A general deposit in a bank passes title to the deposit to the bank. The relation of debtor and creditor is created between bank and depositor. However, the depositor becomes the owner of a chose in action, an open account in which the bank is debtor to the depositor for the amount of such deposit. See Macon National Bank v. Smith, 170 Ga. 332, 338. If the depositor owes the bank, the bank may, upon maturity of the debt due it, apply the proceeds of the deposit to the satisfaction of such debt. It is not necessary that such debt be evidenced by any note or other writing and that the depositor shall have given to the bank authority to so apply the proceeds of the deposit therein upon maturity of his debt to the bank. In Ray v. Dennis, 5 Ga. 357, it was said:' “If the intestate was indebted to the defendant in his lifetime, in an equal or greater amount than the debt due from the defendant to the intestate, then the intestate’s demand, as against the defendant, was paid and extinguished by such indebtedness; and the note of the defendant, in the hands of the intestate’s administrator, can not be considered as assets, for the reason it has been paid olf and extinguished by the intestate’s mutual indebtedness to the defendant at the time of his death. The intestate, if in life, could not have recovered the amount of the note from the defendant, nor can his legal representatives. . . If the debt of the defendant, held by the intestate at the time of his death, was paid by the intestate’s indebtedness to him at that time, then the note in the hands of the administrator is not, in contemplation of law, assets upon which the statute directing the order in which debts are to be paid can operate.” This reasoning and ruling is directly applicable to the situation arising in this case. Along the same line see Whitehead v. Fitzpatrick, 58 Ga. 348; Scott v. Armstrong, 146 U. S. 499 (13 Sup. Ct. 148, 36 L. ed. 1059); State v. Brobston, 94 Ga. 95 (21 S. E. 146, 47 Am. St. R. 138). See also Code of 1910, §§ 4345, 5669 (Code of 1933, §§ 20-1306, 81-802).

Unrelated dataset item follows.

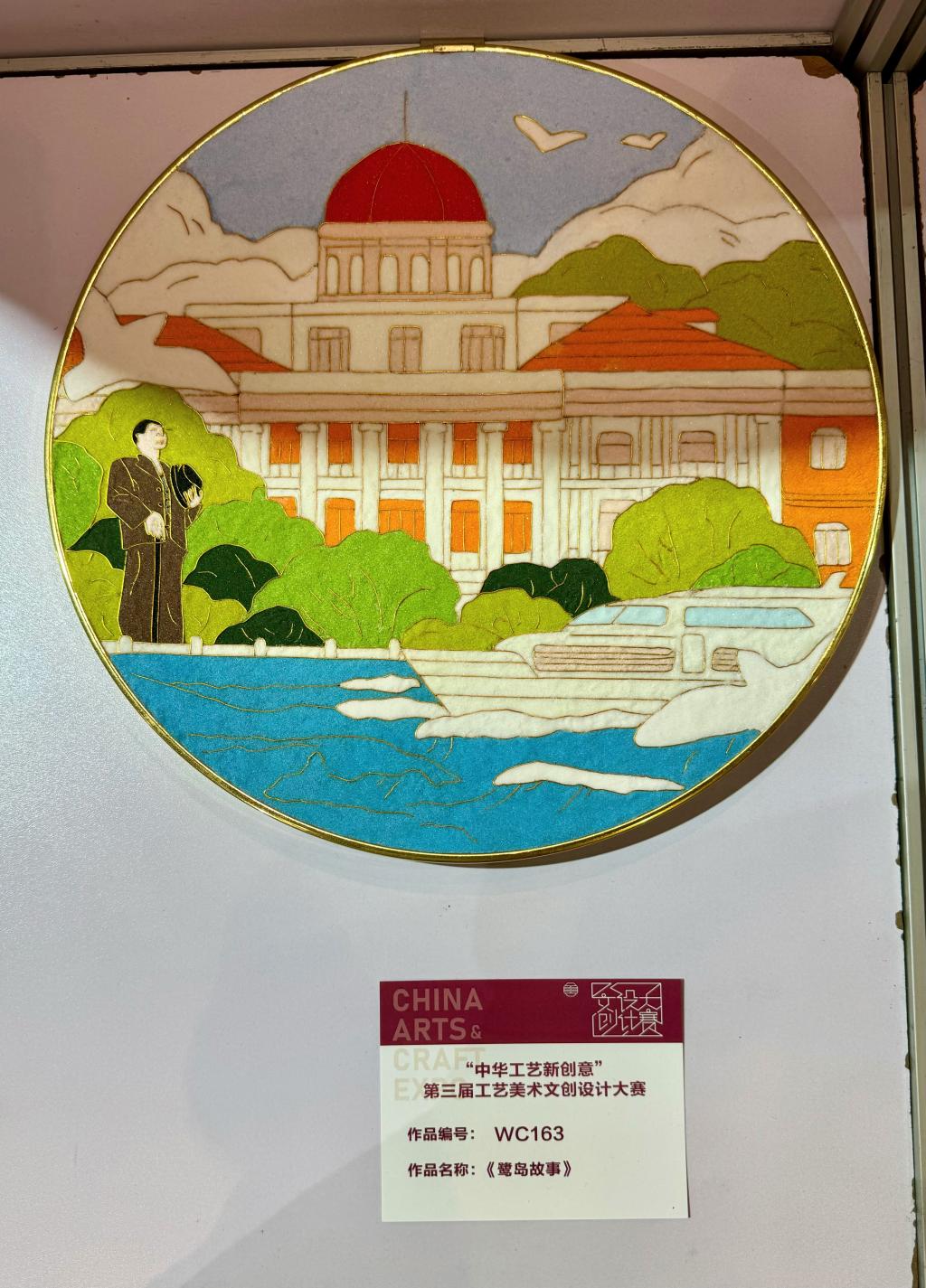 5月10日,第四届中国工艺美术博览会暨第三届工艺美术文创设计大赛在福州海峡国际会展中心隆重举办。我系汉语言文学专业(文创方向)2021级学生刘佳琪创作的掐丝珐琅作品《鹭岛故事》亮相博览会现场。刘佳琪表示,作品构思是基于陈嘉庚先生诞辰150周年的契机。在内容上,作品以嘉庚精神和厦门鼓浪屿为设计灵感,以嘉庚先生、八卦楼、白鹭、海浪、游艇等为设计元素,旨在通过陈嘉庚先生与鼓浪屿建筑的结合,述说鹭岛故事,弘扬嘉庚精神。在作品制作技艺上,结合专业课程《非遗创意手作工坊》所学,在专业教师王颖的指导下,以传统非遗技艺——掐丝珐琅为载体进行装饰化的艺术创作,采用掐丝、点蓝等工艺技法制作。

*676This ruling does not violate any of our statutes or the decisions of this court. It is not contrary to Ullman v. Brunswick Title & Guarantee Co., supra. The decision in that case was planted on the fact that the stock pledged upon the death of the decedent became a part of the assets of the estate of the decedent, and that the claim of his widow was superior to the. claim of the pledgee of the stock, who only acquired a lien on the stock. The decision of the Court of Appeals in Philpot v. Ramsey, 47 Ga. App. 635 (171 S. E. 204), is not authority for a contrary ruling. In that case it was correctly decided that a bill of sale to personalty, executed by a decedent prior to his death, passed the title to the personalty to the grantee, and that the claim of the widow for a year’s support in such personalty was not proper. In Plowden v. Plowden, 47 Ga. App. 751 (171 S. E. 388), it was ruled that where property has been conveyed by a debtor to secure a debt, prior to his death, such conveyance having the effect to pass the title to the property, the widow and children of the decedent could not subject such property to their claim for a year’s support. So a year’s support can be set apart only "from assets belonging to the decedent’s estate, and can not be set apart in the property to which another has the adverse legal title, as distinguished from a lien thereon or an equity of redemption remaining in the decedent. Therefore the debt of the bank to the depositor in this case, upon his death indebted to the bank on a matured promissory note in a larger amount, became extinguished upon his death and did not descend to, and become a part of the assets of, the estate of such deceased depositor, so as to be subject to the claim of the widow and minor child of the deceased depositor for year’s support therein. This is so without any affirmative action upon the part of the bank to assert its right to such deposit, other than to credit the matured promissory note of the deceased depositor with the amount of such deposit. It therefore follows that the first question propounded to us by the Court of Appeals must be answered in the negative.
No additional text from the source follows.